А в ложе хорошо, темновато, от зала ее наполовину закрывает голубой бархат. И стулья бархатные, красные. На пружинисто-выпуклых сиденьях вышоркались темные круги.
Садимся к барьеру, тоже обитому бархатом, облокачиваемся, глазеем в зал.
Я как чумной, радостно растерянный. Все обрушилось на меня пестрым праздником. И рядом со мной девочка из этого праздника, и я касаюсь ее локтем, и ее пушистые волосы щекочут мою щеку.
А внизу жужжит зал. По проходам люди идут, пробираются между рядами, хлопают откидными сиденьями. В руках белеют какие-то бумажки.

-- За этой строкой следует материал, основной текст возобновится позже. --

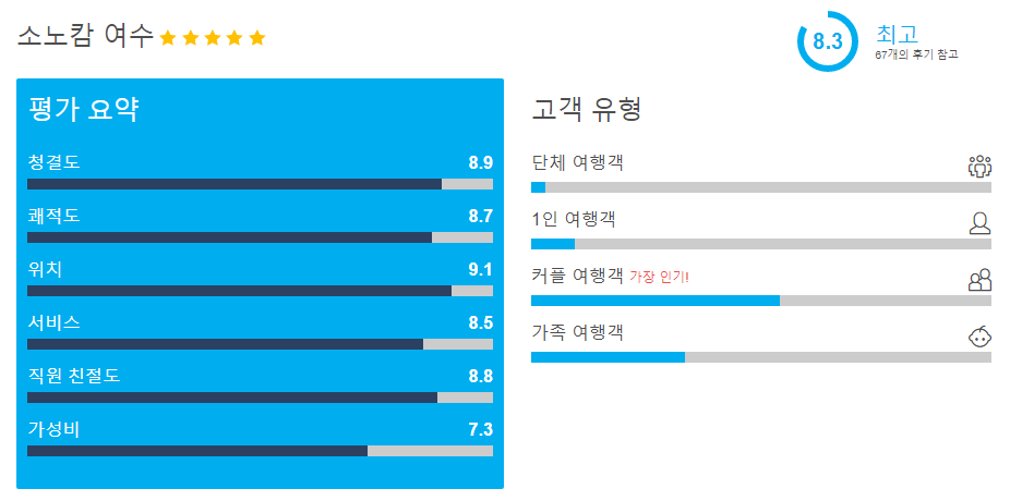 소노캄 여수호텔은 객실타입, 호텔옵션에 따라 현재 10만원대부터 다양하게 확인하실 수 있습니다. 호텔스 컴바인 사이트를 이용하시면 호텔예약사이트들의 가격 및 호텔옵션을 비교하여 쉽게 최저가를 확인하실 수 있습니다.
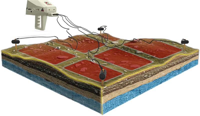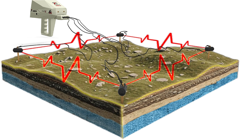 Based on measuring soil properties and electrical resistivity to locate water, metals, and voids accurately.

Над залом, на пяти цепях, висит целый пожар из стекла и света. Наверное, еще от купцов осталось. Мне Шура говорил, что здесь при царе купеческое собрание было. А теперь это Рабочий Дворец.

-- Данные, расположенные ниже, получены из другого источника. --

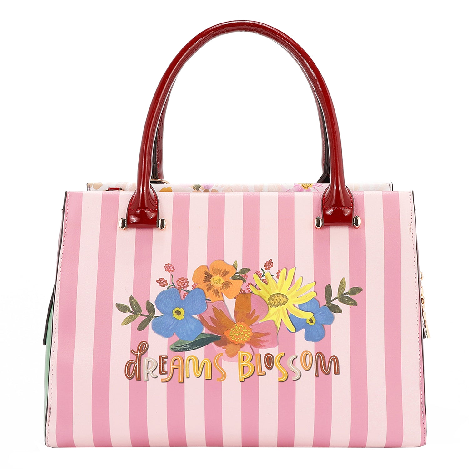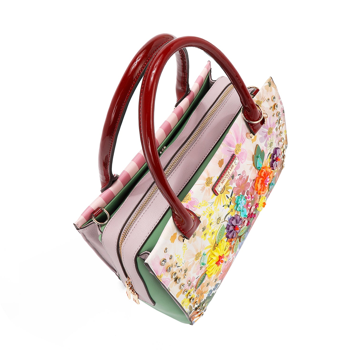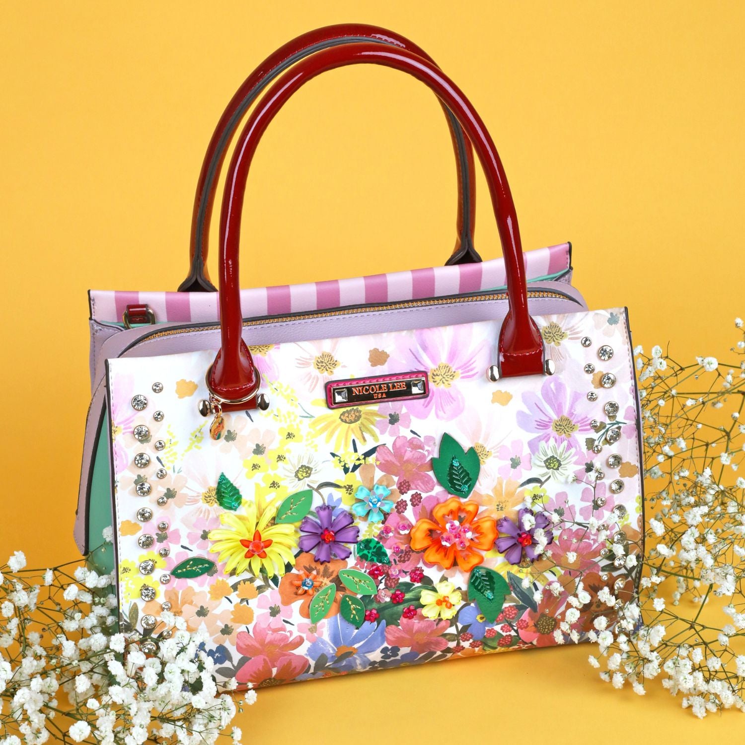 Carry yourself with poise and petals with our Dreams Blossom satchel. Offering 3 compartments, lose yourself in the dreamscape of this spring-ready bag with its structured silhouette and mesmerizing floral artistry. Like a sunny day in full bloom, the twinkling rhinestones and intricate textures invite admiration, making every outing feel like a stroll through an enchanted garden.

Интересно смотреть на музыкантов в оркестровой яме, заставленной пюпитрами. Они дудят, пиликают, бьют в барабан, в тарелки.
— Это еще не играют! Это они настраиваются! — говорит мне в ухо Галя.

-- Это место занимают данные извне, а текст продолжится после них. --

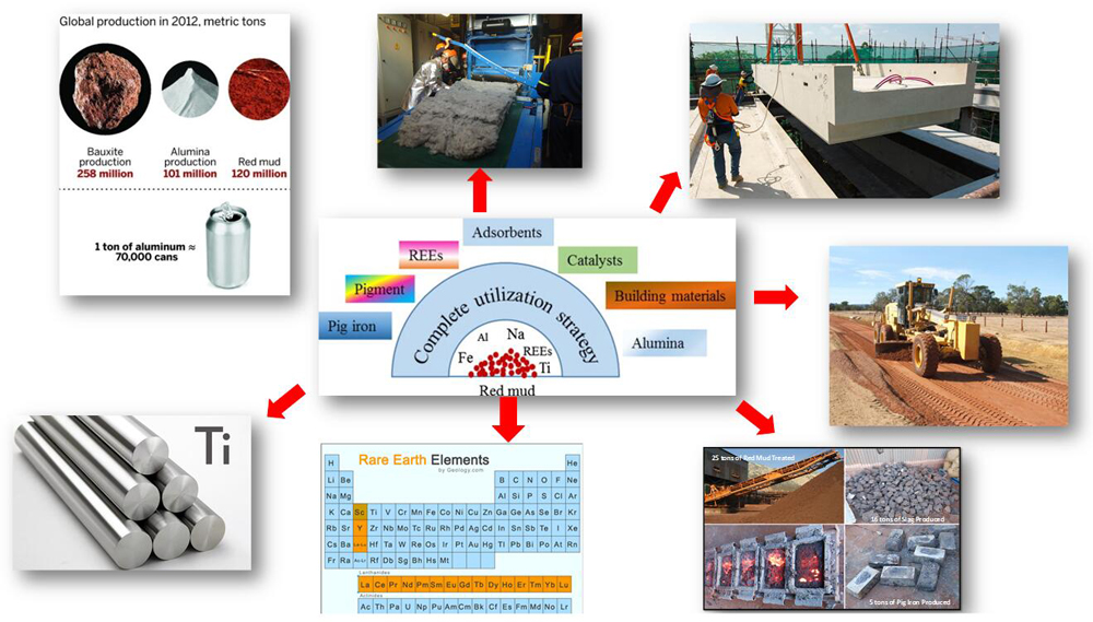 Bayer’s process revolutionized the extraction of aluminum from the bauxite ores. However, the hydrothermal extraction of alumina is associated with the generation of a byproduct, red-mud consisting of undissolved solids composed of iron oxides, sodium alumino silicates, titania, silica and rare earth elements. The accumulation of red-mud (or bauxite residue) in the world is 30 billion metric tons produced at a rate of 125 million tons per annum (2013). Utilization of red-mud for constructional purposes, wastewater treatment, metallurgical products, and pigments are listed. Metallurgical processing efforts of red-mud to generate various value added products such as pig iron, direct reduced iron slag wool, magnetite, titania, iron carbides are presented in the article.

А над музыкантами закрывает сцену пребольшущий, в тяжелых складках, занавес. Синий бархат. Его словно изрыли.
Три раза звенит. Гаснет внезапно пожар над залом. Становится даже будто прохладнее. Только занавес упирается, давит луч прожектора. Да в оркестровой яме светляками светятся над пюпитрами лампочки. Их прикрывают сверху черные колпачки. Говор, пиликанье, дуденье обрываются. Тишина. Застучал кто-то палочкой. Галя шепчет о дирижере.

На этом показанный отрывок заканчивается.